Collected material:
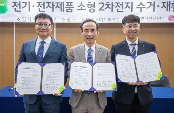 [디지털비즈온 이은광 기자] 환경부 산하 한국환경공단(이사장 안병옥)은 7일 LG전자, E-순환거버넌스와 경남 창원 LG스마트파크2에서 ‘전기․전자제품 소형 2차전지 수거․재활용 업무협약’을 체결했다고 밝혔다.
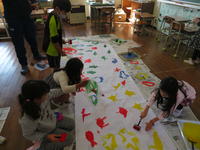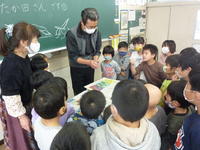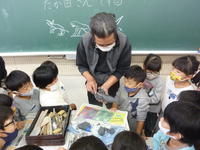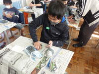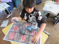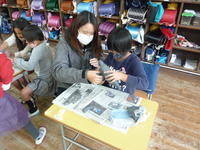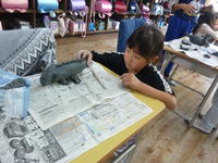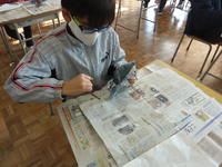 1年生は恐竜づくりに挑戦しました。初めての経験なので、みんな興味津々で参加していました。新聞紙を芯にして作っていく方法を高田さんに教えていただき、みんな頑張って作りました。
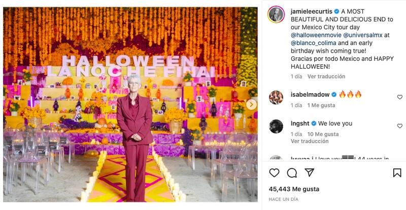 Añadió: "¡Gracias por todo México y FELIZ HALLOWEEN!". La actriz fue la invitada de honor a una ofrenda inspirada en la franquicia de terror Halloween, que concluirá el 13 de octubre con el estreno de la nueva película.
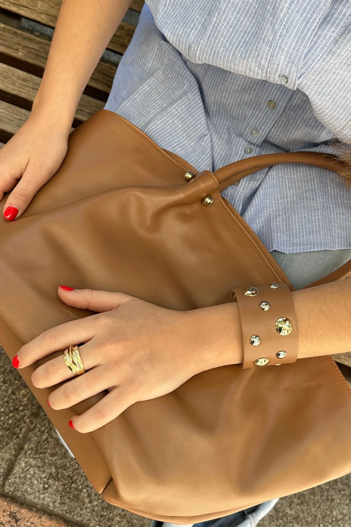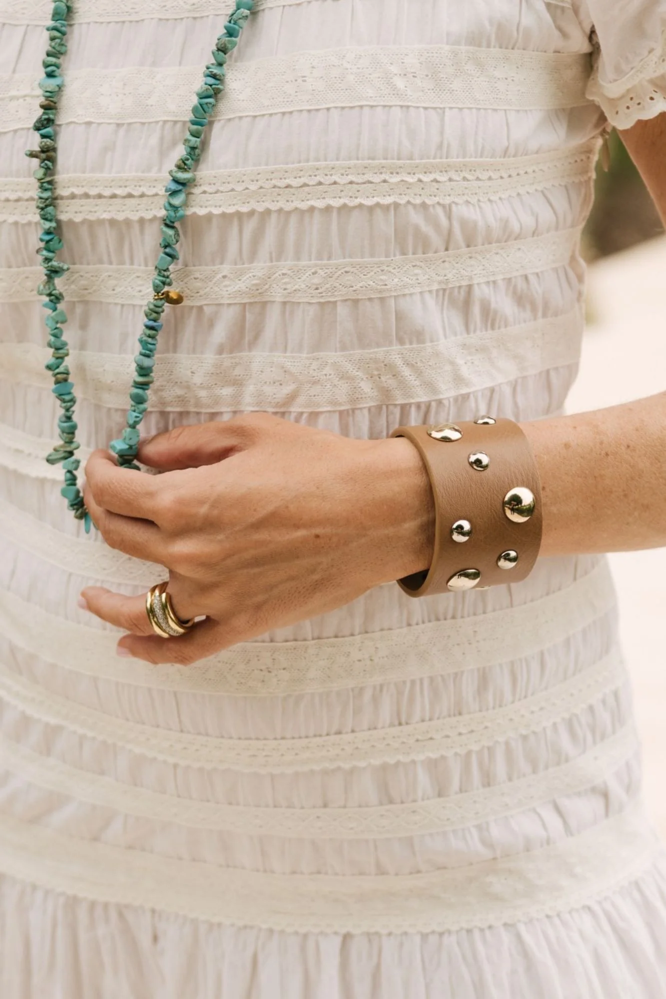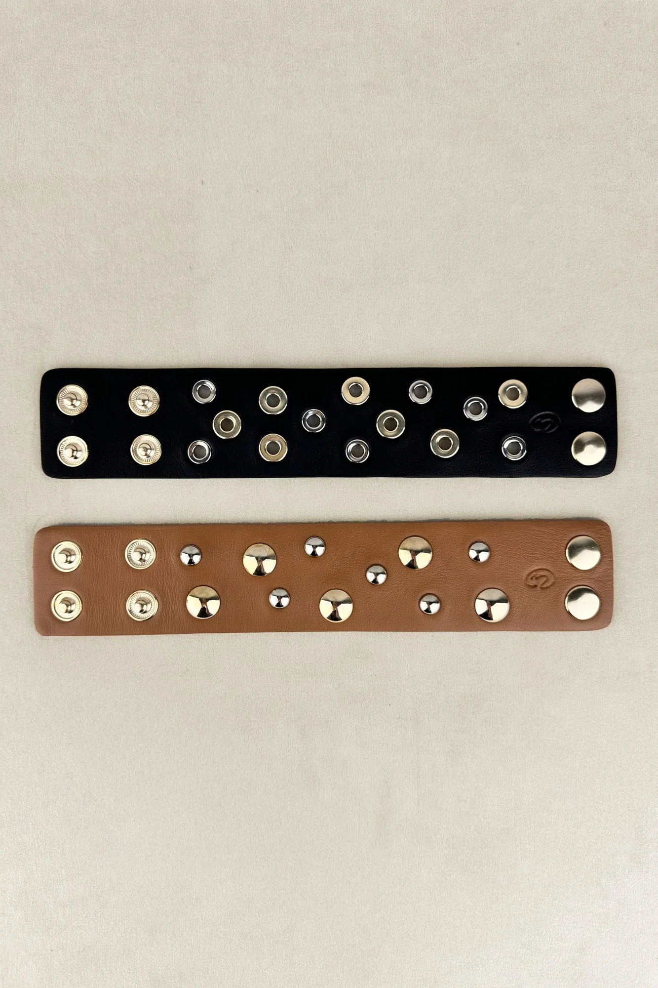 Brazalete Micuir con diseño exclusivo en piel color tostado. Tachas de media bola combinando diferentes tamaños y tono plata con dorado. Ancho de 4,5 cm con cierre de botón automático con dos medidas para que se ajuste lo mejor posible. Logo grabado a fuego, hecho por nuestros artesanos en España.

What to produce: Give the data back exactly, omitting all pictures.

Reply to the exercise:
 [디지털비즈온 이은광 기자] 환경부 산하 한국환경공단(이사장 안병옥)은 7일 LG전자, E-순환거버넌스와 경남 창원 LG스마트파크2에서 ‘전기․전자제품 소형 2차전지 수거․재활용 업무협약’을 체결했다고 밝혔다.
 1年生は恐竜づくりに挑戦しました。初めての経験なので、みんな興味津々で参加していました。新聞紙を芯にして作っていく方法を高田さんに教えていただき、みんな頑張って作りました。
 Añadió: "¡Gracias por todo México y FELIZ HALLOWEEN!". La actriz fue la invitada de honor a una ofrenda inspirada en la franquicia de terror Halloween, que concluirá el 13 de octubre con el estreno de la nueva película.
 Brazalete Micuir con diseño exclusivo en piel color tostado. Tachas de media bola combinando diferentes tamaños y tono plata con dorado. Ancho de 4,5 cm con cierre de botón automático con dos medidas para que se ajuste lo mejor posible. Logo grabado a fuego, hecho por nuestros artesanos en España.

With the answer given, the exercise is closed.